Igor Vekić

Personal information
- Date of birth: 6 May 1998 (age 28)
- Place of birth: Slovenia
- Height: 1.92 m (6 ft 4 in)
- Position: Goalkeeper

Team information
- Current team: Rijeka
- Number: 13

Youth career
- 0000–2014: Triglav Kranj
- 2014–2017: Bravo

Senior career*
- Years: Team / Apps / (Gls)
- 2016–2023: Bravo / 102 / (0)
- 2021–2022: → Paços de Ferreira (loan) / 1 / (0)
- 2022–2023: → Paços de Ferreira (loan) / 10 / (0)
- 2023–2026: Vejle / 60 / (0)
- 2026–: Rijeka / 4 / (0)

International career^{‡}
- 2013: Slovenia U15 / 1 / (0)
- 2013: Slovenia U16 / 1 / (0)
- 2014: Slovenia U17 / 4 / (0)
- 2015–2016: Slovenia U18 / 5 / (0)
- 2016: Slovenia U19 / 2 / (0)
- 2020–2021: Slovenia U21 / 7 / (0)
- 2024–: Slovenia / 5 / (0)

= Igor Vekić =

Slovenian footballer (born 1998)

Igor Vekić (born 6 May 1998) is a Slovenian professional footballer who plays as a goalkeeper for Croatian Football League club Rijeka.

==Club career==
Vekić made his Slovenian PrvaLiga debut for Bravo on 9 August 2019 in a game against Aluminij.

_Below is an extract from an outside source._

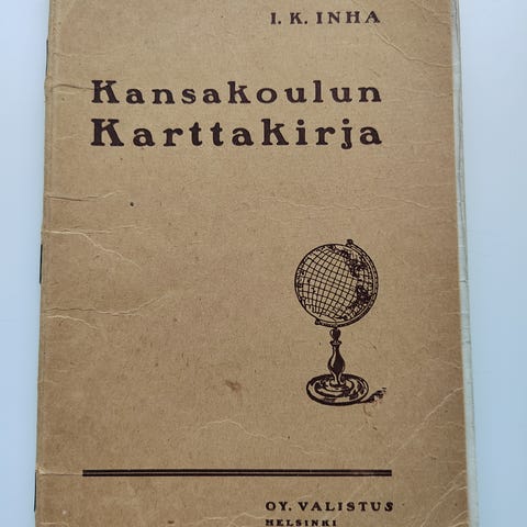 1) I.K.Inha: Kansakoulun Karttakirja, pienoinen opas avarassa maailmassa, sommitellut ja piirtänyt I.K.Inha, Helsingissä, Kansanopettajain O.Y. Valistuts 1909, 48 värillistä kartta- ja tilastosivua, 17,5 x 26.5 x 8cm, kunto ikäänsä nähden hyvä, kansisivu kulunut, Hinta 30eur

In summer 2023, after spending two years on loan at Paços de Ferreira, Vekić signed a contract with Danish Superliga side Vejle Boldklub until 2026. On 6 September 2023, he debuted in the 2023–24 Danish Cup against Sønderjyske, keeping a clean sheet as Vejle advanced to the third round with a 1–0 victory. Vekić made his league debut in the last round of relegation play-off against Randers, ending in a 1–0 defeat for Vejle. On 28 May 2025, he extended his contract with Vejle Boldklub until 2027.

==International career==
In January 2024, Vekić debuted for the Slovenia national team in a friendly match away against the United States.